§ **DIRECTIONS**:
Look for the line containing "В Доме кино" and the line containing "ギャッベ/ロリアタシュLoriAtash ギャベ 最上級の織り" in the entries below. Copy those two and all lines between them exactly, leaving out pictures.

§ **SUPPLIED RECORDS**:
——
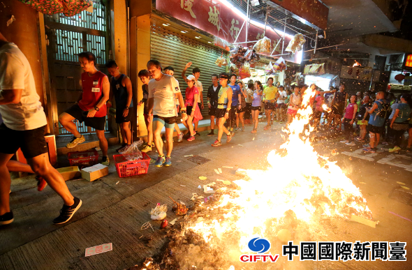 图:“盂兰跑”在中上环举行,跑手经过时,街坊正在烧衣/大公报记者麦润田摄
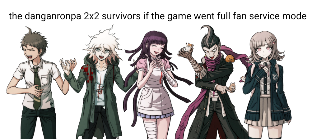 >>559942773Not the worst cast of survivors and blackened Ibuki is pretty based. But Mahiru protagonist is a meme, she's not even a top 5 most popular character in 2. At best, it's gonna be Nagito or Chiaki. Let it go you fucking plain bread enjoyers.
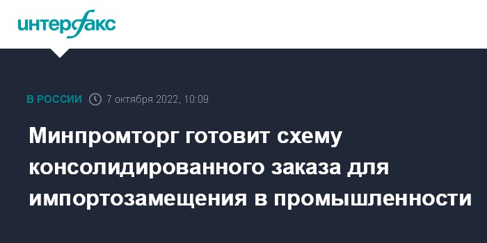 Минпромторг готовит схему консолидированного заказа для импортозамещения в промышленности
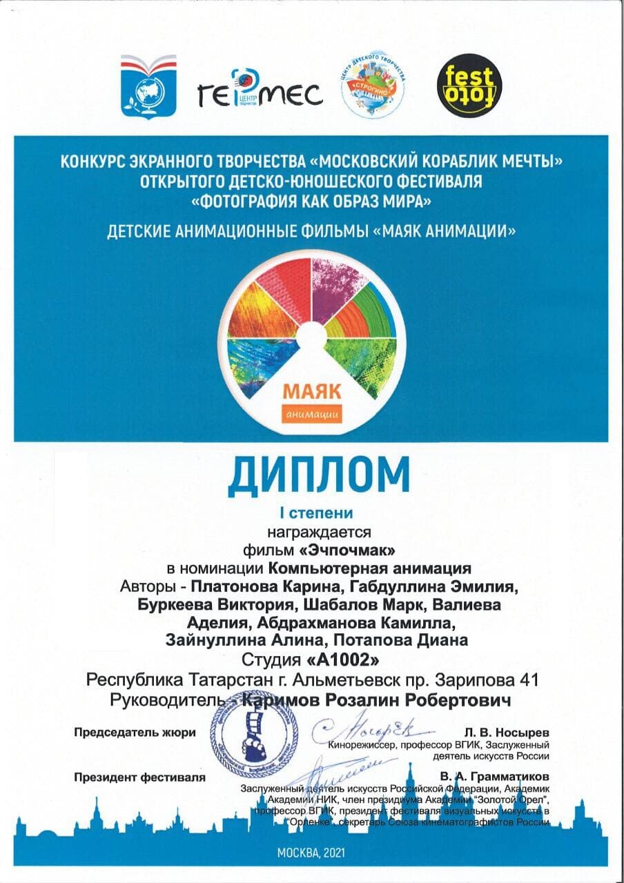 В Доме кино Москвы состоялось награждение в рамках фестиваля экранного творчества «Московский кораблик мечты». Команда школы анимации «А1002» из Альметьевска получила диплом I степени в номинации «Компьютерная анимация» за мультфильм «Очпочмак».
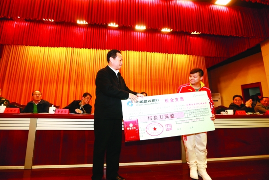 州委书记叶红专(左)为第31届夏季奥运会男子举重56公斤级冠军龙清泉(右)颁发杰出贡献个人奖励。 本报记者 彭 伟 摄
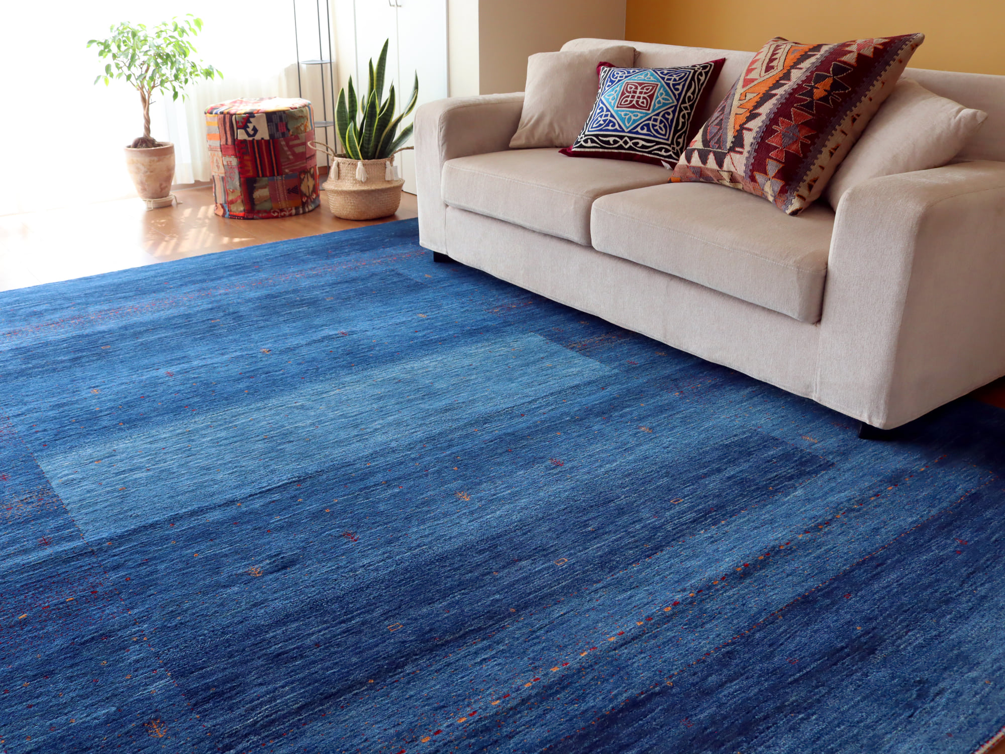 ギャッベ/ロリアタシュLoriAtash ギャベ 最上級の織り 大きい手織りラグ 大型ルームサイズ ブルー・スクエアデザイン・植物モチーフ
——
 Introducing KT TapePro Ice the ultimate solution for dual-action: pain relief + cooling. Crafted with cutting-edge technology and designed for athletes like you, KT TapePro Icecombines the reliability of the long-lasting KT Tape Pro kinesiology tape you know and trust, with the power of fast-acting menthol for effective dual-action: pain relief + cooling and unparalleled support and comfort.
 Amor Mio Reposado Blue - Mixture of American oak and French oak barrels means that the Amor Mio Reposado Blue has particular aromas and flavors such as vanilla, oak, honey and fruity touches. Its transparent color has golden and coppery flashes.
——
§ **SOLUTION TO THIS EXERCISE**:
 В Доме кино Москвы состоялось награждение в рамках фестиваля экранного творчества «Московский кораблик мечты». Команда школы анимации «А1002» из Альметьевска получила диплом I степени в номинации «Компьютерная анимация» за мультфильм «Очпочмак».
 州委书记叶红专(左)为第31届夏季奥运会男子举重56公斤级冠军龙清泉(右)颁发杰出贡献个人奖励。 本报记者 彭 伟 摄
 ギャッベ/ロリアタシュLoriAtash ギャベ 最上級の織り 大きい手織りラグ 大型ルームサイズ ブルー・スクエアデザイン・植物モチーフ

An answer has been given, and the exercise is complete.